**Supplied data:**
--- START ---

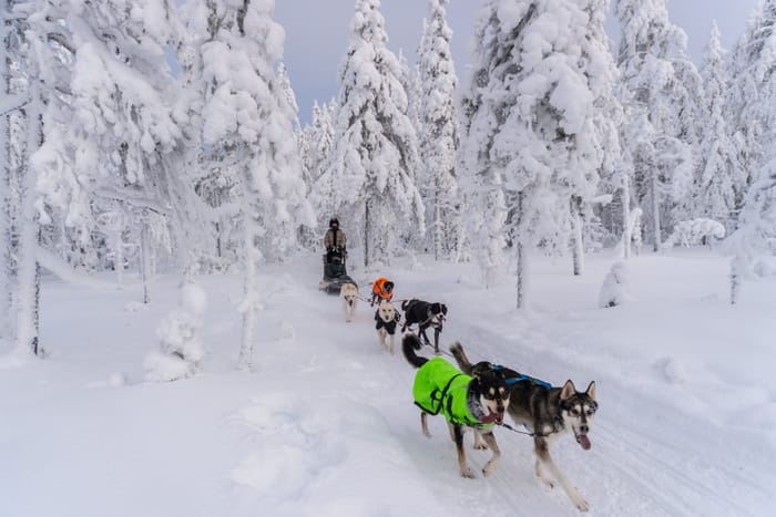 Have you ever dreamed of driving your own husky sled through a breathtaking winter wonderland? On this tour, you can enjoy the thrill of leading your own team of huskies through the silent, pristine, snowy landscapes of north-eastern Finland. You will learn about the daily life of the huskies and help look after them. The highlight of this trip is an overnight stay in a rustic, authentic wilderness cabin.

--- END ---
--- START ---

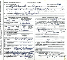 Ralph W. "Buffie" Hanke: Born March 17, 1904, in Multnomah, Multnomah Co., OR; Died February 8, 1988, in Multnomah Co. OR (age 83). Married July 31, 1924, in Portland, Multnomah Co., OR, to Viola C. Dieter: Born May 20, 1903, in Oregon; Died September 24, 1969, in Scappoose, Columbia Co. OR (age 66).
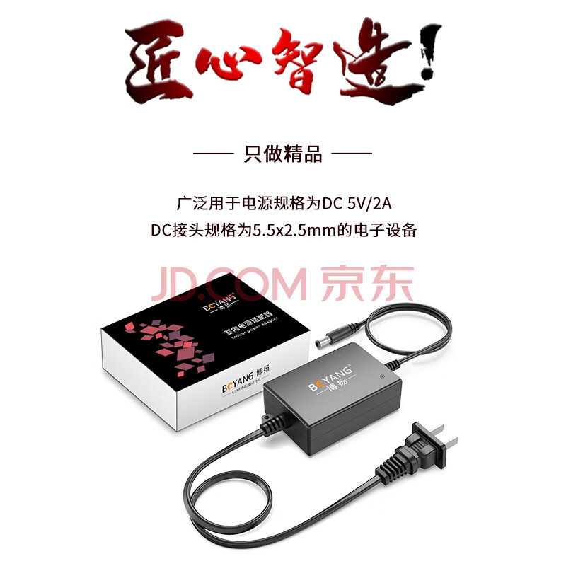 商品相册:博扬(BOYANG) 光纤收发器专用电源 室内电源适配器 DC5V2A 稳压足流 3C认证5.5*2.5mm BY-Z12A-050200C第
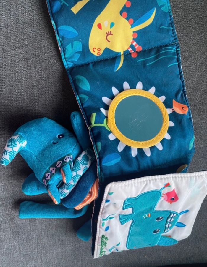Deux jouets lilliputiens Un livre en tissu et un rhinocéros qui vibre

--- END ---

**What is being asked:**
What should come back is an exact copy of the lines above from the line with "OR (age 66)." to the line with "Deux jouets lilliputiens", both included, minus the pictures.

**The completed task:**
 Ralph W. "Buffie" Hanke: Born March 17, 1904, in Multnomah, Multnomah Co., OR; Died February 8, 1988, in Multnomah Co. OR (age 83). Married July 31, 1924, in Portland, Multnomah Co., OR, to Viola C. Dieter: Born May 20, 1903, in Oregon; Died September 24, 1969, in Scappoose, Columbia Co. OR (age 66).
 商品相册:博扬(BOYANG) 光纤收发器专用电源 室内电源适配器 DC5V2A 稳压足流 3C认证5.5*2.5mm BY-Z12A-050200C第
Deux jouets lilliputiens Un livre en tissu et un rhinocéros qui vibre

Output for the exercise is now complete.